++++ LISTED ENTRIES
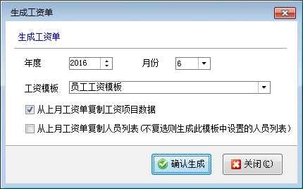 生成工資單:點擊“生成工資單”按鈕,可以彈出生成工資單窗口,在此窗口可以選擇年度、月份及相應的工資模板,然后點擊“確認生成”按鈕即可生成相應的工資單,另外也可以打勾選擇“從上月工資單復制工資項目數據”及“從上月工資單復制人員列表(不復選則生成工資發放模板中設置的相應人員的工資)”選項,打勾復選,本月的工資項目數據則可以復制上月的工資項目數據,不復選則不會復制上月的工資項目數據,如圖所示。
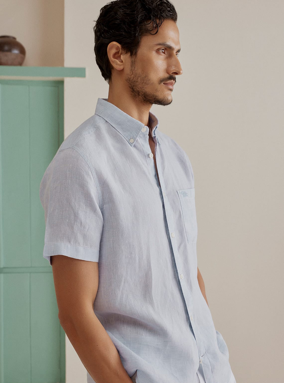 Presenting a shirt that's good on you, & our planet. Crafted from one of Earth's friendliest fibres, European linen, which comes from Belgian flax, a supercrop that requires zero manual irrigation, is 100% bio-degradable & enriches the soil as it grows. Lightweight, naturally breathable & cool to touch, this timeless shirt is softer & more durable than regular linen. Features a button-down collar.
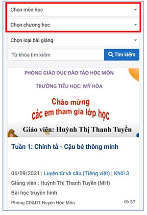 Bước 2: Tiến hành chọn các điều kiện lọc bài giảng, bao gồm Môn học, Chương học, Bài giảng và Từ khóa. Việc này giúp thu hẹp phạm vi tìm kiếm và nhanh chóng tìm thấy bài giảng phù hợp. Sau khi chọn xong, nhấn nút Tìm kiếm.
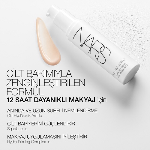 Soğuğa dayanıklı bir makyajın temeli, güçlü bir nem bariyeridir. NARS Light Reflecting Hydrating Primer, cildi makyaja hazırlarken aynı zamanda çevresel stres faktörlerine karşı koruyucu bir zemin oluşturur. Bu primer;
++++++++
++++ LISTED ENTRIES
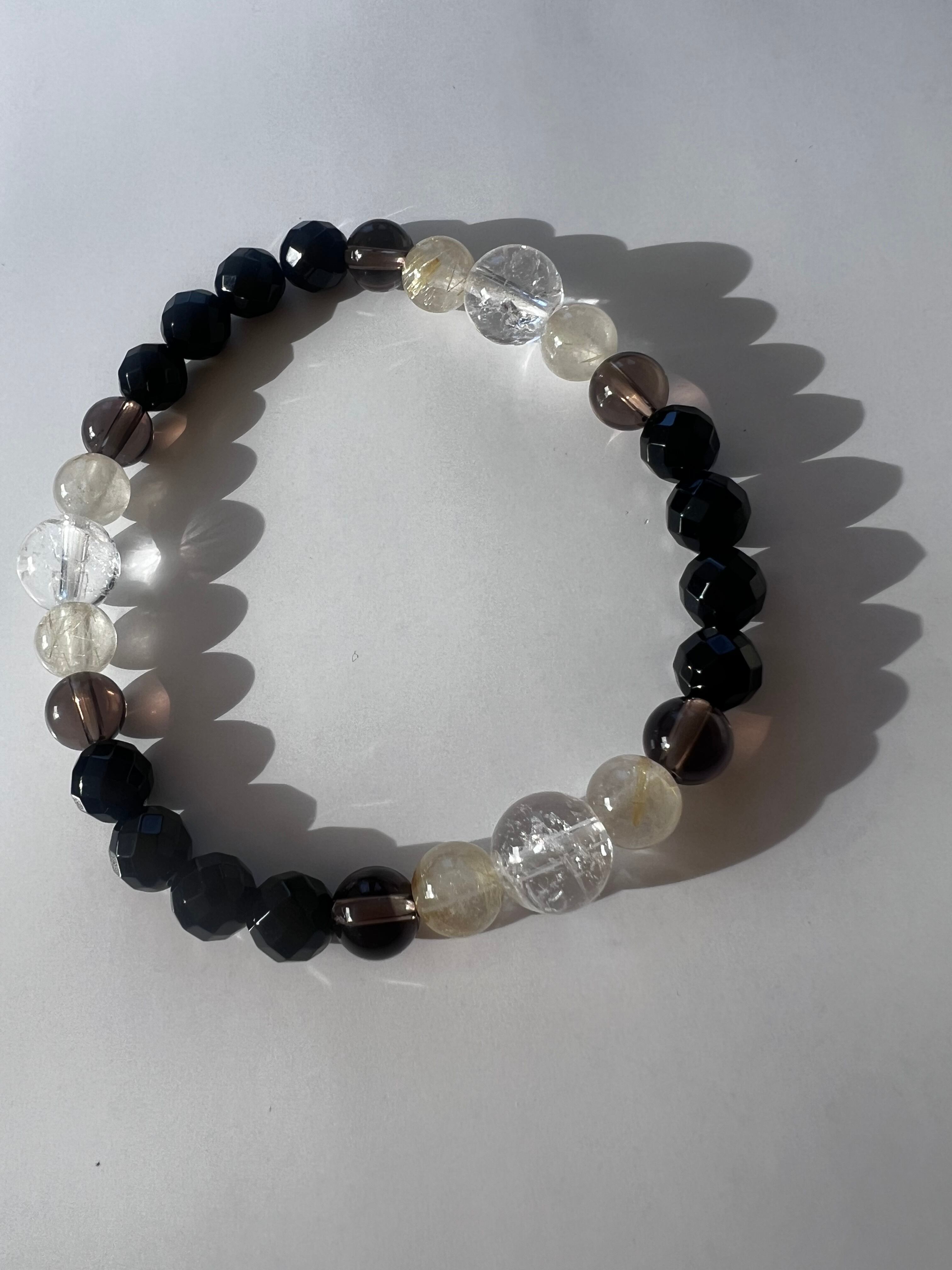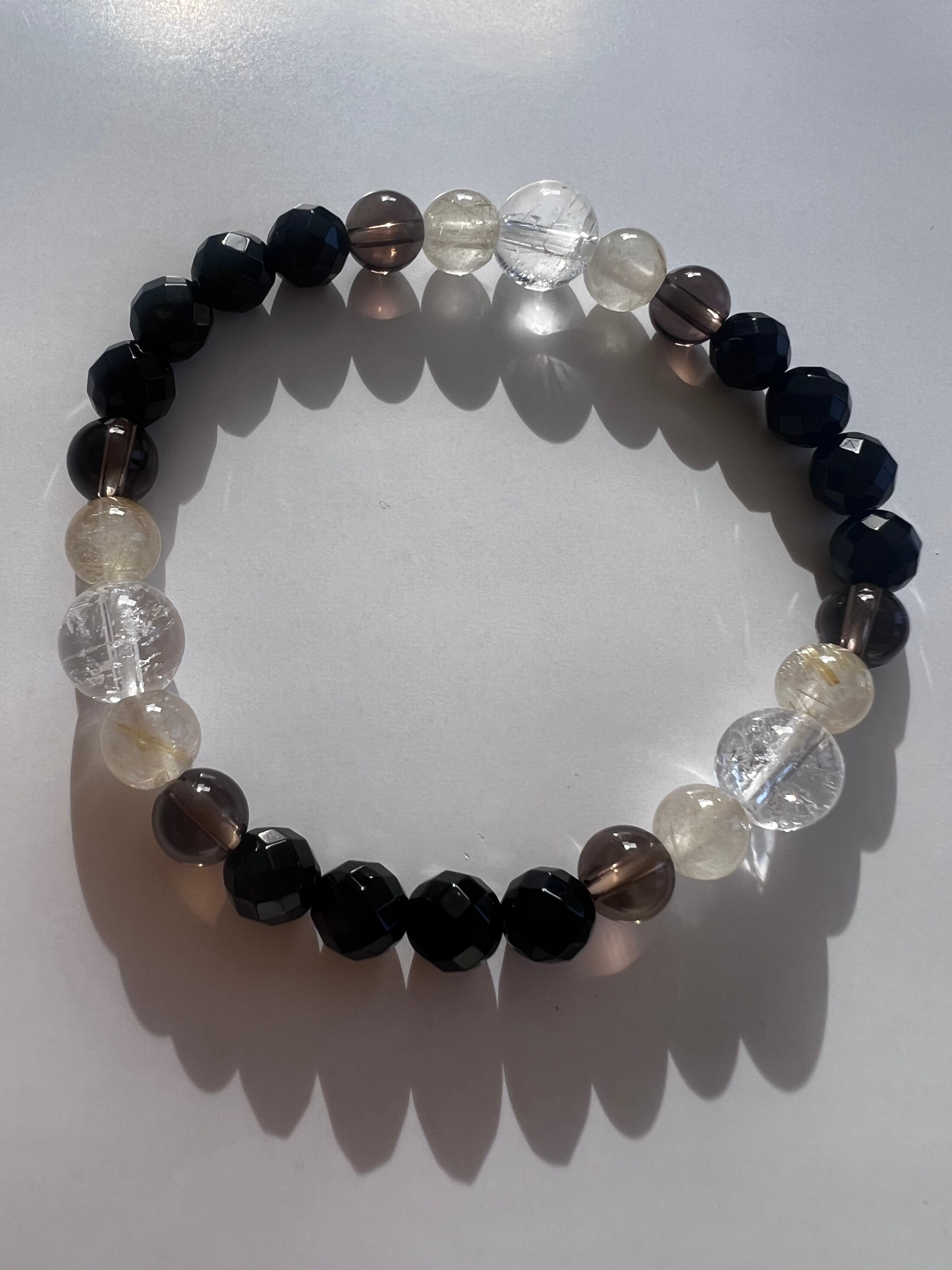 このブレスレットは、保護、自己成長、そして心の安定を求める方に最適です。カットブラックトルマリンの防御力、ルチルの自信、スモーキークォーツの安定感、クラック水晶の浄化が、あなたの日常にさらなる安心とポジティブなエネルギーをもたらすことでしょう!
++++++++
PROBLEM DESCRIPTION>
What you return must match the lines above from the one with "Bước 2: Tiến" through the one with "Soğuğa dayanıklı bir" exactly, with both ends included and the pictures excluded.

ANSWER FOR THIS EXERCISE>
 Bước 2: Tiến hành chọn các điều kiện lọc bài giảng, bao gồm Môn học, Chương học, Bài giảng và Từ khóa. Việc này giúp thu hẹp phạm vi tìm kiếm và nhanh chóng tìm thấy bài giảng phù hợp. Sau khi chọn xong, nhấn nút Tìm kiếm.
 Soğuğa dayanıklı bir makyajın temeli, güçlü bir nem bariyeridir. NARS Light Reflecting Hydrating Primer, cildi makyaja hazırlarken aynı zamanda çevresel stres faktörlerine karşı koruyucu bir zemin oluşturur. Bu primer;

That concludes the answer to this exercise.